Now I'm sure Japan would've pulled off a Championship with an unprecedented level of enthusiasm and brilliance, but unforeseeable catastrophic events preempted that. We all wish the very best to Japan, which will undoubtedly recover and be able to stage a great Championship in the future.
But I really have to credit the Russian organizers. There were many who said it couldn't be done. There's no way a World Championship can be organized on a month's notice! But the organizers made it happen! And by all accounts, everything was wonderful. There were even reports from the skaters saying that the ice condition being especially good. For this viewer at home, I have to say the camerawork and direction at these championships were the best of any figure skating event I've seen this year. Very calm and professional shots that mostly avoided such pratfalls as weird tilts or focusing on one body part while leaving out the rest. The crowd seemed knowledgeable and supportive, giving extra loud cheers to skaters returning from a hiatus, and trying to encourage skaters who made mistakes. All in all, it went so well I forgot this was an emergency substitute host!
At the same time, we have to acknowledge that the organizers may have taken a loss on the Championships. While it seemed like they got a variety of sponsorships, I'm not sure if they had sufficient time to advertise and fill up the seats with ticket buyers or get the very best sponsorship deals.
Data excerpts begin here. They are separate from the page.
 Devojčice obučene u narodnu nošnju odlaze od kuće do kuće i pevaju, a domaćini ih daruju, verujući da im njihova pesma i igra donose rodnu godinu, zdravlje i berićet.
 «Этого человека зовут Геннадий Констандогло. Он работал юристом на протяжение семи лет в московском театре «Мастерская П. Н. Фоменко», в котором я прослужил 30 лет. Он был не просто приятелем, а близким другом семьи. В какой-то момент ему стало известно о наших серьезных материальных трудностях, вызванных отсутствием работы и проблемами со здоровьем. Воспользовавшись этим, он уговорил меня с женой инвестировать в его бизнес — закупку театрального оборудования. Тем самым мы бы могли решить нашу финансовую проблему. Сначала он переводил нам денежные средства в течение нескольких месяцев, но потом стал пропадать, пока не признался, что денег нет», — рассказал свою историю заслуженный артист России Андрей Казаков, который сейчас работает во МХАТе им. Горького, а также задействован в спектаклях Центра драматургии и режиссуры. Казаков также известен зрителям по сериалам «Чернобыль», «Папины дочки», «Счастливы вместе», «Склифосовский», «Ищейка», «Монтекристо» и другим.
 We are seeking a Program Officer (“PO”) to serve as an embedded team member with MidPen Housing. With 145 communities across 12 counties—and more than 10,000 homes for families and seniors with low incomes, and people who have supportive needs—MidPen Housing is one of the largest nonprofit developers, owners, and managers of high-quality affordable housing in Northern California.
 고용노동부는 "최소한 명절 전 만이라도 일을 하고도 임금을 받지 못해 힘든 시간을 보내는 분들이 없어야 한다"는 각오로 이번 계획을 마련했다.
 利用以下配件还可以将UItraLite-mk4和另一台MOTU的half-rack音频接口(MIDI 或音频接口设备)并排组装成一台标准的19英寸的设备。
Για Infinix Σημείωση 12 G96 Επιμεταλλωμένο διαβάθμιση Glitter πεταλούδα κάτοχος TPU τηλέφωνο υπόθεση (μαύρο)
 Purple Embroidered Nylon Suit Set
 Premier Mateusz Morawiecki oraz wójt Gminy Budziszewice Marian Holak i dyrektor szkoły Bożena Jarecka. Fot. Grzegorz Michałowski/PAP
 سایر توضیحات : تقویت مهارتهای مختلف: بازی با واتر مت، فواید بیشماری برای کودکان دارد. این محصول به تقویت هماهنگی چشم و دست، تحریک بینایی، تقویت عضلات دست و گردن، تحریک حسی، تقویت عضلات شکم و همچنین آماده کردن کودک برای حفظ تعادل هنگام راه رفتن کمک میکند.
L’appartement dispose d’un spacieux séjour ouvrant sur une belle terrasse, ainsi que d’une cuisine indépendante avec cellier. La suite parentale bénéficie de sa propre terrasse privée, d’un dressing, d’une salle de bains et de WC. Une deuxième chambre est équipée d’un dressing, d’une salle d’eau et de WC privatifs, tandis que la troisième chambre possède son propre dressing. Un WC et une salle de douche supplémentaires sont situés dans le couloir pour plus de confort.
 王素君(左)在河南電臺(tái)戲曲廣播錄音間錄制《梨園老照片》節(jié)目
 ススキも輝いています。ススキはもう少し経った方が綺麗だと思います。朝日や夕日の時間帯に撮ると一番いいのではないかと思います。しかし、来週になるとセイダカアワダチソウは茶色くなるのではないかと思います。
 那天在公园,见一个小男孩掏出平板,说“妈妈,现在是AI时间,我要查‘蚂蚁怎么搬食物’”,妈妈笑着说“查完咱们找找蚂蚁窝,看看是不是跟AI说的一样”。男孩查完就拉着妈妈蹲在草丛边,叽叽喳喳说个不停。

Of course, I'm sure the expenses were subsidized by the Russian authorities, and they may very rightfully consider it money well spent. It's an investment into drumming up enthusiasm and gaining experience for skaters, coaches and organizers for Sochi. Plus, it entertained many Russians (and people from all over the world), and that's always worth something. As a skating fan, I am very grateful that a lot of managers, coordinators and planners scrambled really hard to make sure these Championships took place at all.
However, it has to be said that the Russian regime remains an autocratic one that practices many horrible policies, suppressing freedom and journalism. And that the central regime, including Vladmir Putin who attended these championships, hoard money and power, creating an ever increasing inequality among the few empowered and the many powerless. I am mindful that this substitute championship is only possible because of this harmful system. I would rather there be no oppressive regimes anywhere on Earth, even if it meant no Championships this year. But I'm also very happy and glad that the Championships took place after all and went so smoothly. Those are totally paradoxical feelings, but there they are.